BKL 260 has six clamping screws, shown here. The three holes accept a clamping screw that can spread the clamp jaws to go on a rifle with a larger-width dovetail.

The Razor must be prepped to receive the BKL mount by removing every last bit of oil found in the 11mm dovetails. I use a cotton swab and denatured alcohol. I rub the swab into each dovetail cut with force so that the alcohol gets into the deep recesses and dries up all the oil. The alcohol evaporates rapidly and leaves nothing behind. Soon, the rifle is ready to receive the mount.


Three screws are positioned to spread the clamp jaws. When I turn them inward, it forces the jaws apart.

To spread the base, I tighten each of the three screws in turn, so not too much pressure gets applied in one place. It’s possible to see the base clamp jaws spreading, plus the anodizing in the center of the base develops a line as the metal flexes.


When the jaws were spread, the anodizing came off the center of the mount base. That metal definitely moves!

Working slowly to not over-flex the base, I finally reach the point where both clamp jaws fit into the Razor’s dovetails at the same time. Now, the three spreading screws are backed out of their holes. When that’s done, the base holds tight to the rifle by clamping pressure, alone. But, of course, I’m not finished.

The six clamp screws are inserted into their holes and tightened. I work successively down the line, tightening each screw as I go. After five or six trips down the line of screws I have the mount clamped to the Razor as tight as I believe it’s possible to go. Next, I installed some movement markers, in the form of Gorilla tape. For those who haven’t yet tried this stuff, it’s far stickier than regular duct tape. We use it on the TV show, and I’ve seen it do things I didn’t think tape could do. These small strips of tape are not going anywhere until I purposely remove them.

I place them in front of and behind the mount. Any movement will cause the tape to rise as the mount presses against it, or we will be able to see the mount move away from the tape.

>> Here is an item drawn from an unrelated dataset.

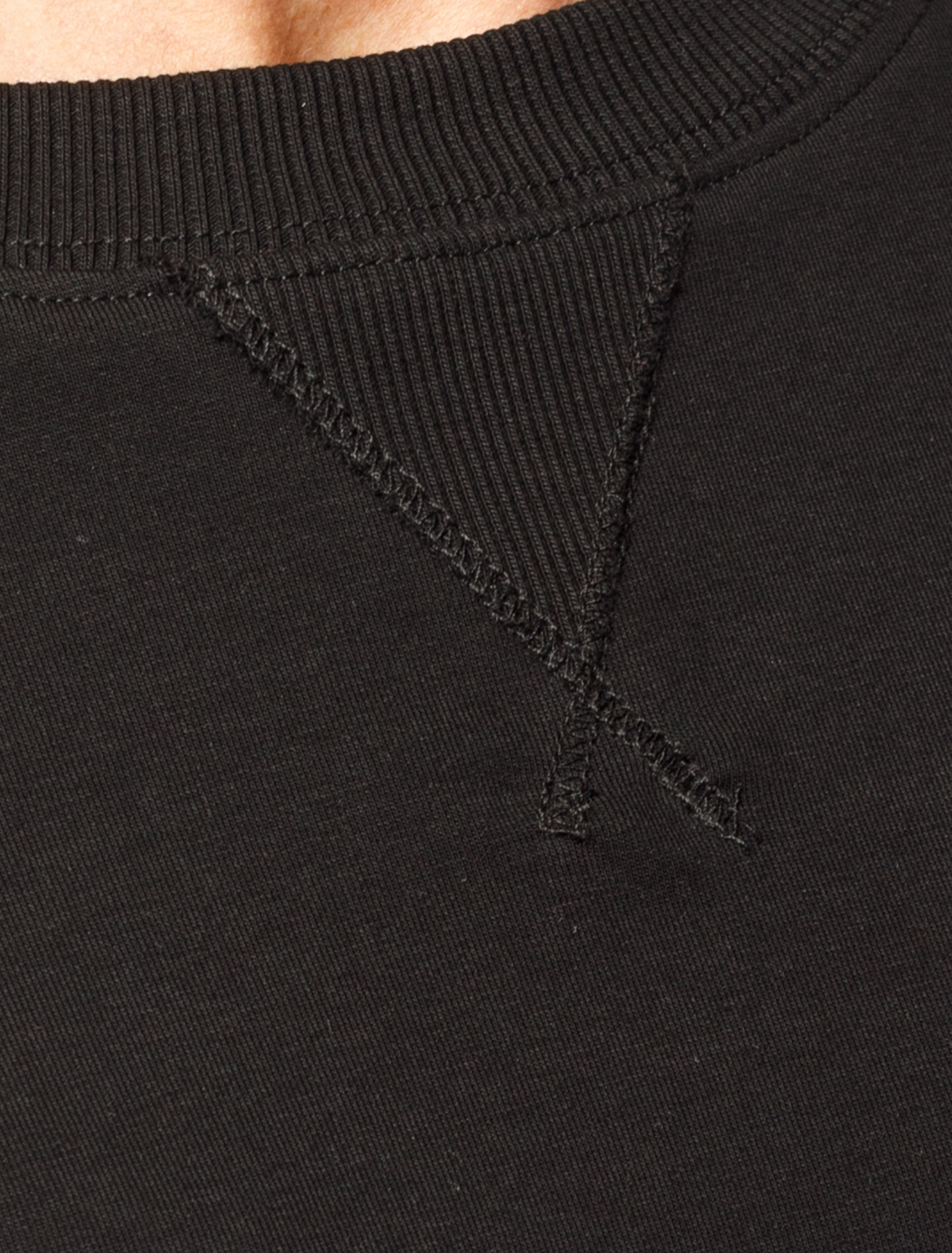 Футболка свободного кроя со спущенным плечом выполнена из футера двухнитки с эластаном. Лаконичный принт нанесен фактурной краской. Эластичный материал гарантирует комфорт и формоустойчивость. Сочетается в костюме с брюками D44.138, D44.139 и шортами D48.008. Изделие дополнено металлическим логотипом бренда. черный

Either way, we should all be able to see it clearly and have no cause for argument.


Tape at the left rear of base.


Tape at the left front of base.


Tape at the right front of base.


Tape at the right rear of base. If the mount moves, it will either curl the tape or move away from it. Either way it will be visible.

It’s time to select and mount a scope. These are one-inch rings, so I need a scope with a one-inch tube. I selected a Bushnell Trophy 6-18×40 scope, and, YES, the scope does clear the breach, and, YES, the 40mm scope objective bell has clearance over the spring tube with this medium-height mount. A 50mm bell would not clear.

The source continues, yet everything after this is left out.